I continue to thing this “Overparenting Crisis” is the just the current Edu-fad. It is true that there are some over the top parents out there, but in my experience, they are vastly outnumbered by the clueless, and uninvolved parents.
For the vast majority of parents, more involvement would be better.
To the parent who was bitching out his 16 year old kid, and acting like his life is over because he only scored a 29 on the ACT, I would like to see you take it right now and score better. Perhaps he can improve, but that is a very good score. Screaming is not the right approach.
To the parent who thinks his son is in geometry because her homework had to do with “completing the square,” that is algebra.
To the parent who described her son as a “math genius” and then explained that he is starting high school in the fall and he has “already finished pre-algebra,” he actually isn’t a math genius.
To the parent of a high school senior who wanted to know what their son needs to “start doing” to get into an Ivy League school, it is way too late now if he hasn’t been doing the right things up to this point.

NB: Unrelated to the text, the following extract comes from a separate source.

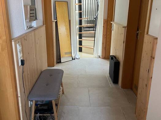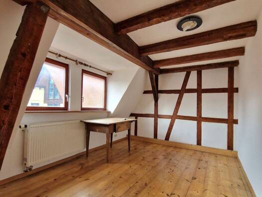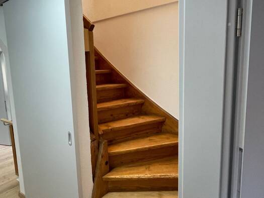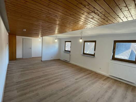 Einziehen und Wohlfühlen. Wohnungsneubau/-ausbau 2014. Das Haus wurde 2014 ebenfalls umfangreich saniert und ausgebaut. Großzügige Maisonette im Dachgeschoss (2 Stock) im 4 Parteien Haus. Die Wohnung besteht aus: Wohnzimmer, Schlafzimmer Eltern, Kinderzimmer oder Büro, Essküche incl. EBK gegen Gebühr (60 € monatlich),Bad mit Wanne und Dusche, extra Toilette, sehr große Dachbühne (Maisonette) mit Fenstern und grandioser Aussicht, riesen Balkon -ebenfalls mit Traumaussicht. 2 PKW Stellplätze (geg...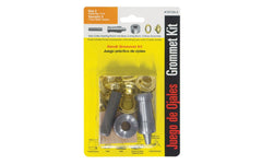 7/16" Brass Grommet Kit, complete with tool & brass grommets for replacement or repairs in canvas or plastic. Instructions included. Tools with kit: Cutting block, hole cutter, inserting punch & die. Great for vinyl & canvas, tents, sails, covers for boats, trailers, pools, flags & banners, etc. 7/16" inside diameter grommets. Made by Lord and Hodge, Inc. Made in USA. -

For every helicopter parent there are dozens of parents with little or no idea about what is going on at their kids school, who never look at the homework, who don’t attend conferences, and who have no idea what it would take to get into a good top 100 college, say Michigan State (Go Green!). I am just talking about a solid University, not the esoteric fun house world of top 20 admissions.
The real crisis has always been and continues to be parents who are too uninvolved and uninformed about their kids education. The helicopter parents and tiger parents may provide an occasional entertaining side show, but they are not the big problem. If the average parent would just spend one hour per week to be informed about their kids academics, it would make a huge difference. Write an email to the teacher, attend a conference, look at their homework, if your student has to read “To Kill a Mockingbird”, then you read it too and talk with them about it. Take just a little time to be informed about what they are doing and learning.